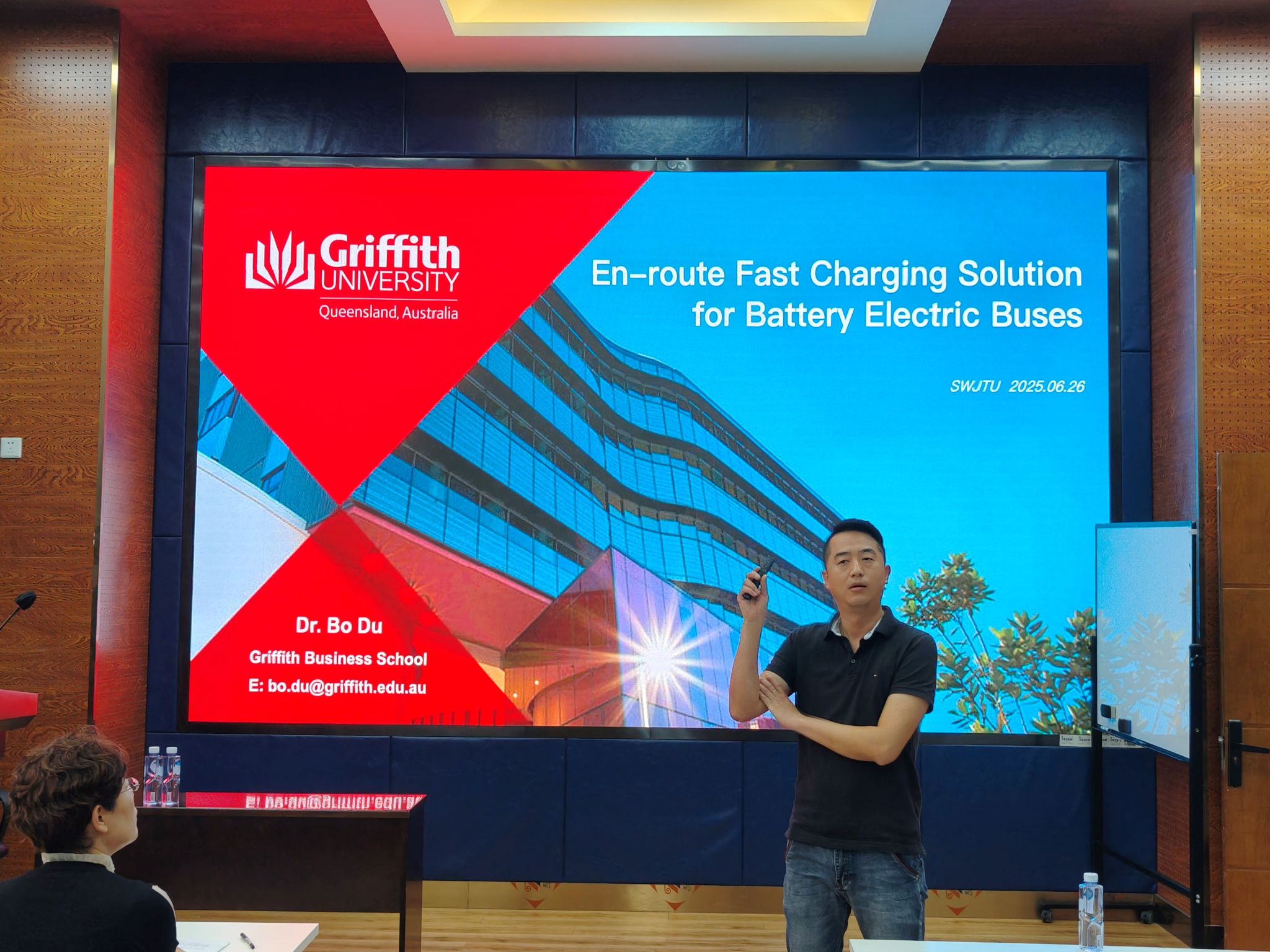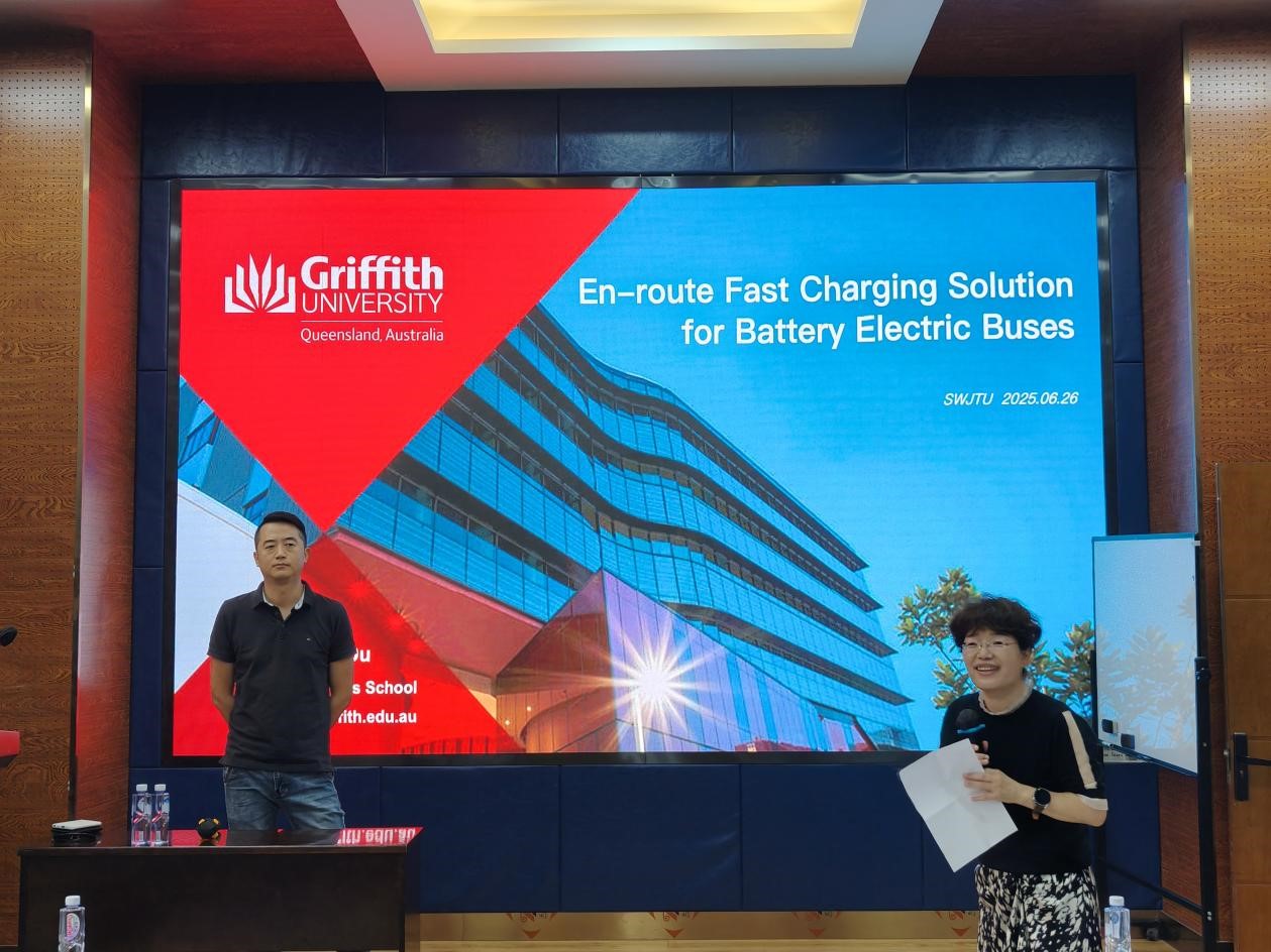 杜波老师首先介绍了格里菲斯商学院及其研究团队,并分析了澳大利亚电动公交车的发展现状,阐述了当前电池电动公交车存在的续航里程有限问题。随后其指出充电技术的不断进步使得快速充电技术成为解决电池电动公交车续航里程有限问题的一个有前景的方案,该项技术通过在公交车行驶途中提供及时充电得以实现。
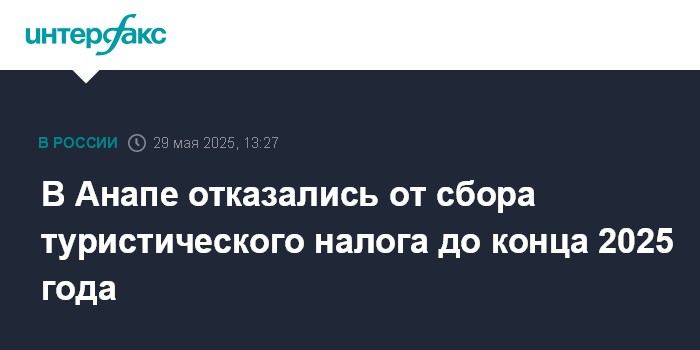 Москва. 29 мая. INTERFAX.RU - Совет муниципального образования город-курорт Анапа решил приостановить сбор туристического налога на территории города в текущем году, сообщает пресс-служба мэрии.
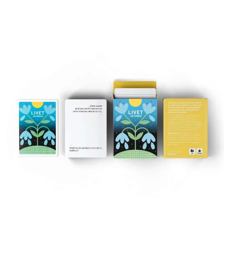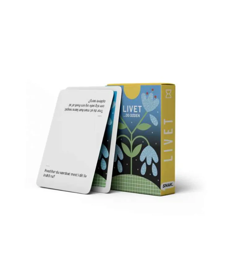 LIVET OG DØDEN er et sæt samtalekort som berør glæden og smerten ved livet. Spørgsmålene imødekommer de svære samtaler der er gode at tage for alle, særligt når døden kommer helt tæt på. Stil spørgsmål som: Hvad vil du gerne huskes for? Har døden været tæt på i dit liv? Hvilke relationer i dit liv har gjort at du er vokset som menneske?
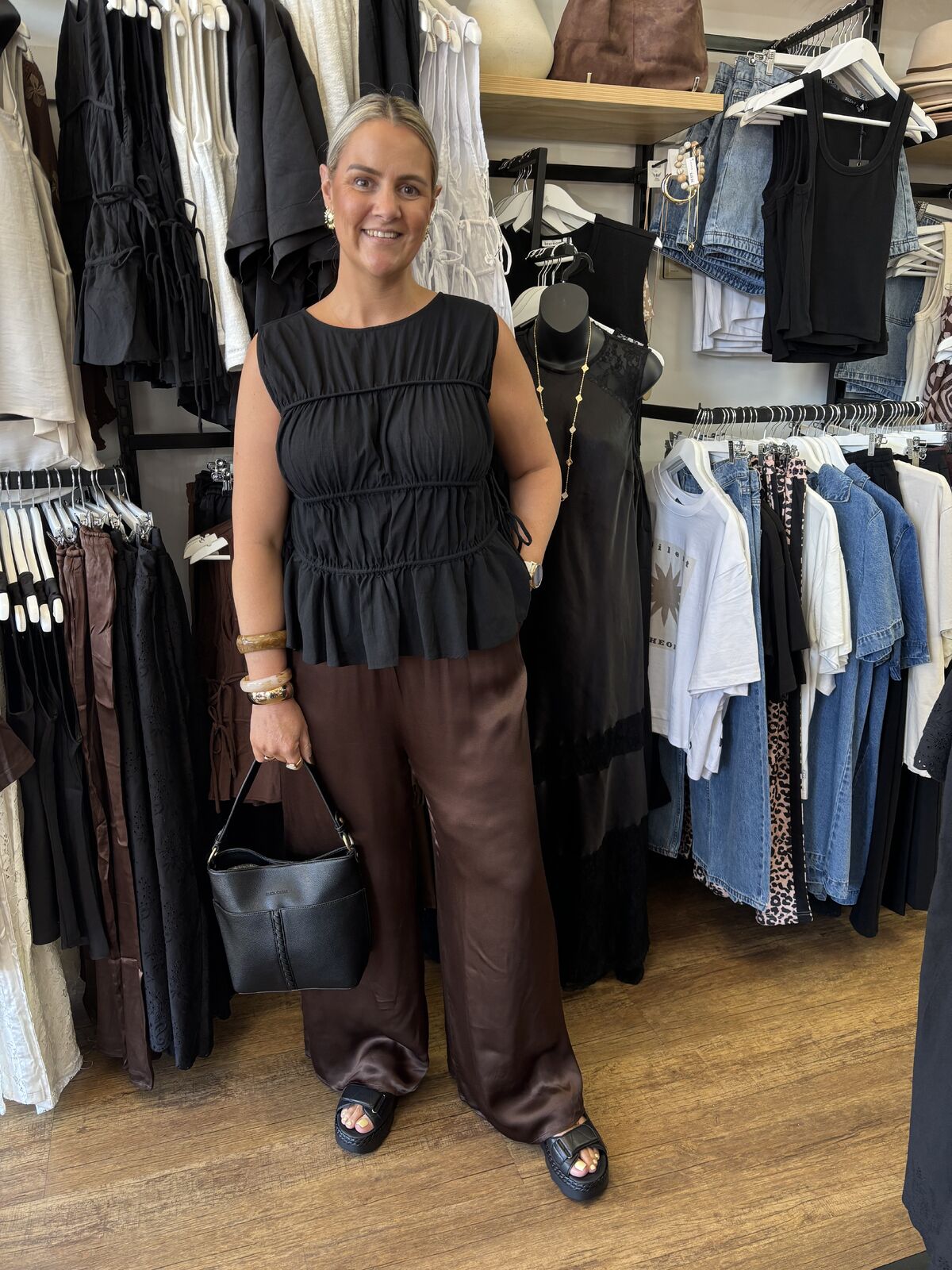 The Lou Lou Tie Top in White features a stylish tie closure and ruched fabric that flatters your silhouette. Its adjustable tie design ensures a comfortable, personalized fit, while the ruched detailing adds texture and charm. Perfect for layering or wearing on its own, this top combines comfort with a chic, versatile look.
★ ★ ★
YOUR GOAL →
Omitting all pictures, restate exactly the lines of the material from its start through the line that contains "Москва. 29 мая.".

RESPONSE TO THIS TASK →
 杜波老师首先介绍了格里菲斯商学院及其研究团队,并分析了澳大利亚电动公交车的发展现状,阐述了当前电池电动公交车存在的续航里程有限问题。随后其指出充电技术的不断进步使得快速充电技术成为解决电池电动公交车续航里程有限问题的一个有前景的方案,该项技术通过在公交车行驶途中提供及时充电得以实现。
 Москва. 29 мая. INTERFAX.RU - Совет муниципального образования город-курорт Анапа решил приостановить сбор туристического налога на территории города в текущем году, сообщает пресс-служба мэрии.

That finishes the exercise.